The panicked shooting slowed. A dead man with a biker helmet staggered back and fell. One in National Guard headgear stumbled from a shot, then threw itself back at the wall. A figure in a football helmet dropped with a bullet in its eye.

More of the exes fell, but more of them reached the wall. A dead woman made it to the platform, but a guard smashed her off with a baseball bat. Another withered hand slapped onto the platform. Captain Freedom grabbed it by the wrist and pushed it away. The ex, a dead man in an Oxford shirt, fell back into the horde and was crushed under dozens of feet. Freedom turned and cracked Lady Liberty’s muzzle across the jaw of a teenage boy with a batting helmet and a bloody Atari T-shirt. The dead thing staggered back from the blow and vanished over the edge.

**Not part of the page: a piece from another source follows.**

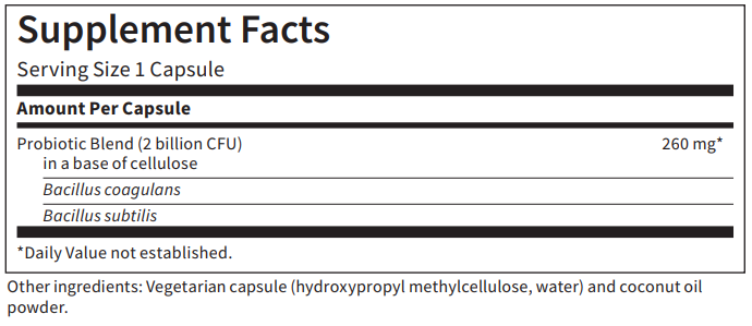 Germination of Bacillus spores within the human small intestine and transient colonization is now thought to be part of the normal life cycle of human-associated Bacillus species providing specific stimuli for healthy GI and immune system development and function. Each capsule of Ther-Biotic BioSpora supplies a total of 2 billion CFUs of B. coagulans and B. subtilis spores positively identified through independent 16S ribosomal RNA gene sequencing.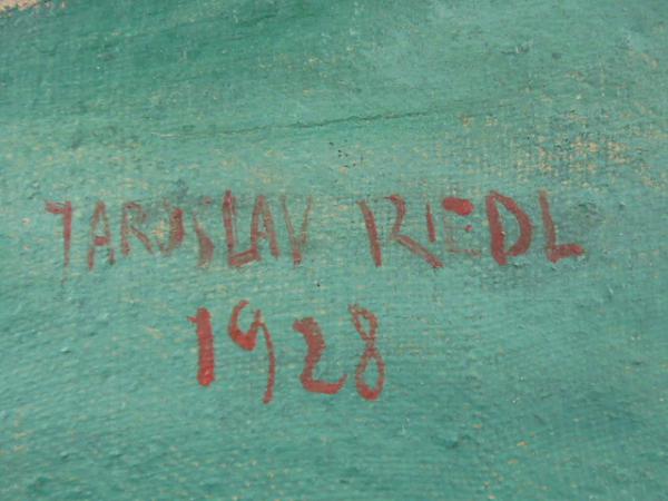 Jaroslav Riedl(2.1.1893-koncentrační tábor za 2. sv. války) malíř a grafik žák Akademie výtvarných umění v Praze u prof. Preislera 1909-1914. Za první světové války padl v Rusku do zajetí, později zařazen do čs. vojska v roce 1916. Stal se majorem čs. armády. S malířem Svobodou založil Sdružení výtvarných umělců severočeských. Maloval krajiny, podobizny, zátiší a vojáky. Olej na plátně 45 x 60 cm. Vpravo dole signatura s datací 1928. Původní rám 57 x 72 cm.

Captain Freedom shouted a few quick orders and got the guards spaced out to cover more area. “All units,” he called over the radio, “this is Six. We have a major incursion at the northwest corner of the Big Wall. Request immediate assistance.”

At least two people replied, but their words were drowned out by another burst from Lady Liberty. One of the rounds shattered a bicycle helmet and pulped the skull beneath it. The ex dropped and vanished into the tide of dead things below. Two of the others he hit struggled back to their feet.

The guard closest to him, a rail-thin woman with gray-streaked hair, paused to reload her rifle. It was an old M1, and Freedom was impressed by how fast she loaded the magazine without pinching her thumb. She brought it back up just in time to shoot a chalk-skinned man in the face. The round took a chunk out of the Lexan visor of the ex’s helmet and knocked it back off the Big Wall.

A dead body threw itself up onto the platform a few feet away and struggled to its feet. Freedom took four quick steps and clotheslined it with a sweep of his massive arm. The ex pin-wheeled back off the wall.